Shady voicemail???

iVillage Member
Registered: 08-30-2005
Shady voicemail???
2
Thu, 04-27-2006 - 5:59pm

i need advice re: my boyfriend. i really did it this time...i got myself in a jam and i don't know how to get out. well, for those of u who have followed my story--after i ended things with ex-fi i got back together with my only true love (we were together for 4 yrs and apart for 2)...we have been back for just about a year.
back in the fall, he did something stupid--went out with his friends after he left my house and never told me b/c he thought i would get mad--he stayed out really late and got caught b/c he didn't call me until the next afternoon. (we always text message each other @ work in the morn and then email--i also know his cell phone code--which he doesnt know about--so i got the 411 from there)...i have some trust issues to start but that incident brought them to the surface...

i spoke to my therapist and he told me in the big scheme of things it's not a big deal, he screwed up but apologized left and right...i even took a 2 day break etc etc...shortly after that i would periodically check his voicemail b/c i didn't trust completely that he wasn't going out late at night.

the checking of his phone decreased and eventually i stopped. i got most of my trust back...until today, ughh! i didn't get my text early this morning...so i called his phone and decided to check his messages, BIG MISTAKE!

u heard work voicemails and then i heard what sounded to be a professional woman, "it's so and so, it's 12:00 on thursday, sorry i missed ur call, etc etc...but @ the end she says...maybe we can chill out later if u want to"...well my stomach dropped to the floor. it could very well be someone in his industry--we frequently go to happy hour so he can network, he has a million clients, i am constantly meeting new people with him, etc etc..

but the fact is, i CAN'T ask him about it b/c he would kill me and probably end our relaitonship if he knew i was checking his messages. i am so sorry i did it b/c what could be an innocent message has me going crazy!!!

when we finally got in touch today, around 12, he had been on an appointment all morning and couldnt contact me. so i got insecure about his wherabouts b/c of the incident back in the fall...

i gave him a MAJOR attitude today which he is not appreciating at all...but i cant tell him why! now i want to check his messages like a mad woman and look @ his phone when i see him later.

i need help with this if anyone can relate--i feel like an emotional lunatic! my therapist told me a longggggggg time ago to stop checking his messages b/c it can only destroy things. what may be innocent may not sound so....but what if it ISN'T innocent.
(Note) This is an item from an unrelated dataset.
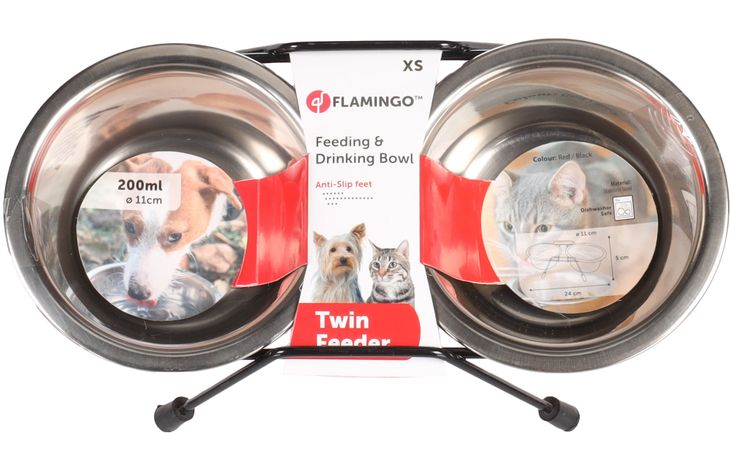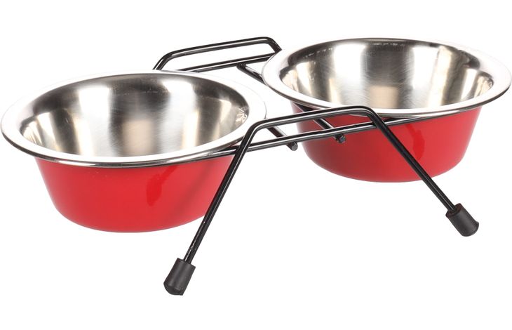 Две миски из нержавеющей стали в стальной подставке с противоскользящим покрытием.

let me also add, that we are supposed to be getting engaged VERY shortly...we spend every day together, every weekend, our relationship is a very close with one with both of our families, etc...u get the picture.

help!
thanks!

iVillage Member
Registered: 03-03-2004
Thu, 04-27-2006 - 8:13pm
The voicemail doesn't necessarily sound shady to me. I'm not sure exactly what all your trust issues are, but if you can't trust him when you're not able to check on him every second, you shouldn't be in a relationship with him, IMO. I don't know if it's him or you, but something's wrong. I think you either have to accept that you can't know everything or figure-out if maybe this guy doesn't have the quality of character you're looking for? Maybe you've tried to rationalize away more significant things he's done in the past and it's coming to a head with this situation? I don't know, but you'll both be miserable if you proceed this way. Best.
iVillage Member
Registered: 08-30-2005
Fri, 04-28-2006 - 12:22am
i confronted my BF tonite, and i won't go into details, but yes, it was innocent. i hate myself for snooping, it's almost like i'm TRYING to find something. and i don't stop until i do...it's very destructive behavior--it indirectly destroys the relationship. from this point on, i am going to make conscious efforts daily to trust my bf. he shows me every day, in so many different ways how much he loves me--and i love him more than anything in the world--i don't want to lose him. thanks , all advice is much appreciated and understood...i know i have trust issues, have had them since i'm little for lots of reasons- i will continue to work on them :)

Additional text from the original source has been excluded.